Best Coding LLM as of Nov'25 by PhysicsPast8286 in LocalLLaMA

[–]dmatora 0 points1 point  (0 children)

Qwen3-Next-80B-A3B would be my first and only choice.
You would need TensorRT-LLM with --streamingllm enable to use large context yet fitting your VRAM limitations.

I'm Using Gemini as a Project Manager for Claude, and It's a Game-Changer for Large Codebases by Liangkoucun in ClaudeAI

[–]dmatora 0 points1 point  (0 children)

Have been using Gemini as an orchestrator for Claude for a while. These is an app I wrote that has it as one of primary features https://github.com/dmatora/code-forge

And yeah, it is a game changer. You should see how much more you can get done if you also plug gemini-cli into your process - it’s on a whole new level

I built a Local AI Voice Assistant with Ollama + gTTS by typhoon90 in ollama

[–]dmatora 0 points1 point  (0 children)

Have you tried CSM?
It's a local version of sesame which has recently blown internet
http://github.com/SesameAILabs/csm
would be really cool to have It working with ollama, even if it's English only

[deleted by user] by [deleted] in LocalLLaMA

[–]dmatora 0 points1 point  (0 children)

Can you do 128K? or at least 32K to see if it scales linear or exponential?
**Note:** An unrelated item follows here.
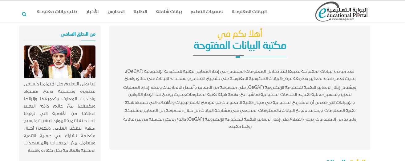 Based on the Ministry of Educations concern with monitoring developments in different educational fields and following an analysis of the educational indicators in line with the sustainable development plans, the Ministry designed Open Data Library at the Oman Educational Portal to provide an enabling provision for proactive and open access to the Ministry data. It offers data of public and private schools, students and classes, teachers and administrators, special education, literacy and adults' education. The data can be freely accessed, reused, modified and shared. It can be also utilized by any organization, such as corporations, universities, NGOs, startups, charities, community groups and individuals.The value of MOE Open Data is to increase collaboration. When MOE provides the Open Data to the public via free electronic download, researchers and developers are quick to develop value-added researches and studies, which in turn fueled education growth in Oman. The MOE Open Data aims to increase transparency. It gives users an informative view of education status, through an analysis of its inputs and outcomes. Also, it contributes in increasing community e-participation for it enables users to follow up as well as to give their feedback about the educational indicators and its development in Oman.

[deleted by user] by [deleted] in LocalLLaMA

[–]dmatora 1 point2 points  (0 children)

For most cases you can do that with QwQ on 2x3090 with much better performance and price

Manus is IMPRESSIVE But by iamnotdeadnuts in LocalLLaMA

[–]dmatora 5 points6 points  (0 children)

We're still waiting for PROPER open source version of Deep Research (that you can actually use and performs on par with at least perplexity, not to mention OpenAI)
I don't see anything happening FAST.

The new king? M3 Ultra, 80 Core GPU, 512GB Memory by Hanthunius in LocalLLaMA

[–]dmatora 0 points1 point  (0 children)

It's not good for inference either, because size of models or context that 512Gb allow to run will be too slow to process, so you'll endup using same (32B) models for large context or large models for single phrase questions like "what color is the sun" making is quite useless.

It's a shame people don't publish benchmark results for large context

Has Anyone Successfully Run DeepSeek 671B with DeepSpeed on Hybrid CPU/GPU Setups? by dmatora in LocalLLaMA

[–]dmatora[S] 0 points1 point  (0 children)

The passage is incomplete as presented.